How well does TED_Cartesian do in predicting all test labels (Y) and explanations (E)?

The "score" method of TED_Cartesian calculates this. The accuracy of predicting the combined YE labels could be of interest to researchers who want to better understand the inner workings of TED_Cartesian.


In [None]:
YE_accuracy, Y_accuracy, E_accuracy = ted.score(X_test, Y_test, E_test)    # evaluate the classifier
print("Evaluating accuracy of TED-enhanced classifier on test data")
print(' Accuracy of predicting Y labels: %.2f%%' % (100*Y_accuracy))
print(' Accuracy of predicting explanations: %.2f%%' % (100*E_accuracy))
print(' Accuracy of predicting Y + explanations: %.2f%%' % (100*YE_accuracy))

* It is easy to use the TED_CartesianExplainer if you have a training dataset that contains explanations. The framework is general in that it can use any classification technique that follows the fit/predict paradigm, so that if you already have a favorite algorithm, you can use it with the TED framework.
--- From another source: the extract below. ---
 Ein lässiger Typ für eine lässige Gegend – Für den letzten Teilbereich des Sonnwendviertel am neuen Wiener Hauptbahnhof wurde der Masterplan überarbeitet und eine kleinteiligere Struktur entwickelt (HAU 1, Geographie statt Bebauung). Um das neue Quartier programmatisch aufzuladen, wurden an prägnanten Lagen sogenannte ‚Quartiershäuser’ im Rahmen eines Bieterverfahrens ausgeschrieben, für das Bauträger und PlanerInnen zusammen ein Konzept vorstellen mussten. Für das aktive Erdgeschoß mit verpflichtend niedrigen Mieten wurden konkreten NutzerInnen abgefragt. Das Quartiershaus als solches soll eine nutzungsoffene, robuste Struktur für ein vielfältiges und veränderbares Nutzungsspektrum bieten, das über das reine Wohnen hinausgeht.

* The main advantage of this algorithm is that the quality of the explanations produced are exactly the same quality as those that the algorithm is trained on.  Thus, if you teach (train) the system well with good training data and good explanations, you will get good explanations out in a language you should understand.
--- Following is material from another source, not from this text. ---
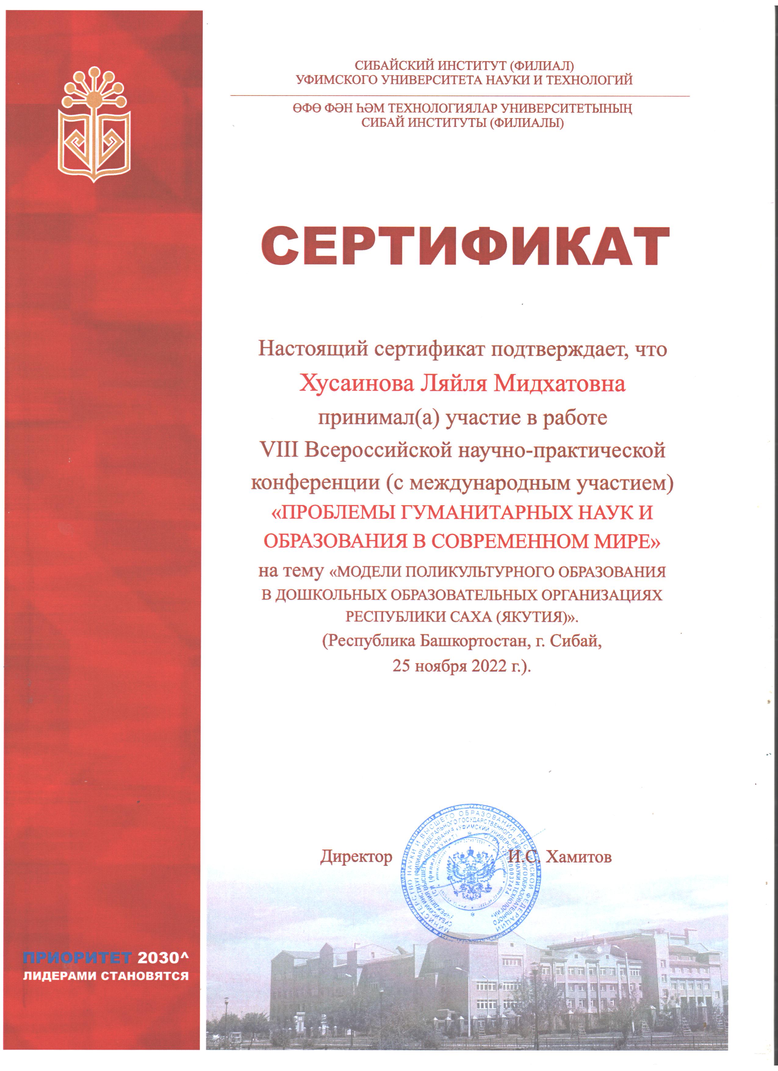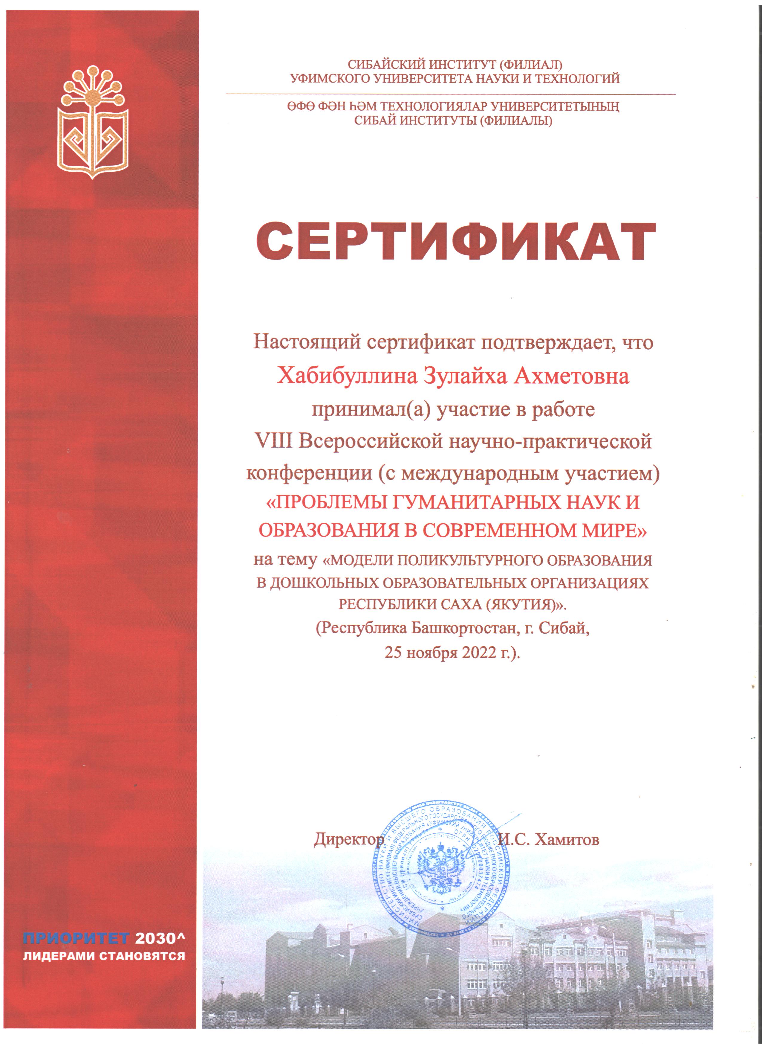 Декан факультета башкирской филологии Л.М. Хусаинова и доцент кафедры башкирского языка и литературы ФБФ З.А. Хабибуллина выступили с докладом "ПОЛИКУЛЬТУРНОГООБРАЗОВАНИЯВДОШКОЛЬНЫХ ОБРАЗОВАТЕЛЬНЫХ ОРГАНИЗАЦИЯХ РЕСПУБЛИКИ САХА (ЯКУТИЯ)" на пленарном заседании VIII Всероссийской научно-практической конференции (с международным участием) «Проблемы гуманитарных наук и образования в современном мире». Цель конференции – выявление и систематизация актуальных проблем и тенденций в области гуманитарных наук и системы образования, содействие включению молодых ученых в научное сообщество, создание условий для обмена учеными результатами исследований. В своем докладе авторы представили промежуточные результаты членов рабочей группы Акмуллинского университета на примере дошкольных образовательных организаций Республики Саха (Якутия) по выявлению, обобщению и трансляции передового опыта полилингвального образования в ДОО исследуемого региона, полученные в ходе реализации проект «Сравнительный анализ практик внедрения полилингвальной модели поликультурного образования (на примере Республик Башкортостан, Татарстан, Чувашия, Северная Осетия-Алания, Чечня, Кабардино-Балкария, Саха (Якутия)». Проект призван изучить практику внедрения полилингвальной модели поликультурного образования на территории Российской Федерации, их сравнительный анализ и разработка методических рекомендаций по организации поликультурного образования. Рассматриваемая проблема вызвала интерес у участников конференции, были заданы вопросы и пожелания. Организаторы научного форума выразили благодарность спикерам за выступление с актуальной темой на научно-практической конференции.

* The downside of this approach is that someone needs to create explanations. This should be straightforward when a domain expert is creating the initial training data: if they decide a loan should be rejected, they should know why, and if they do not, it may not be a good decision.
* However, this may be more of a challenge when a training dataset already exists without explanations and now someone needs to create the explanations.  The original person who did the labeling of decisions may no longer be available, so the explanations for the decisions may not be known.  In this case, we argue, the system is in a dangerous state.  Training data exists that no one understands why it is labeled in a certain way.   Asking the model to explain one of its predictions when no person can explain an instance in the training data does not seem consistent.
* Dealing with this situation is one of the open research problems that comes from the TED approach.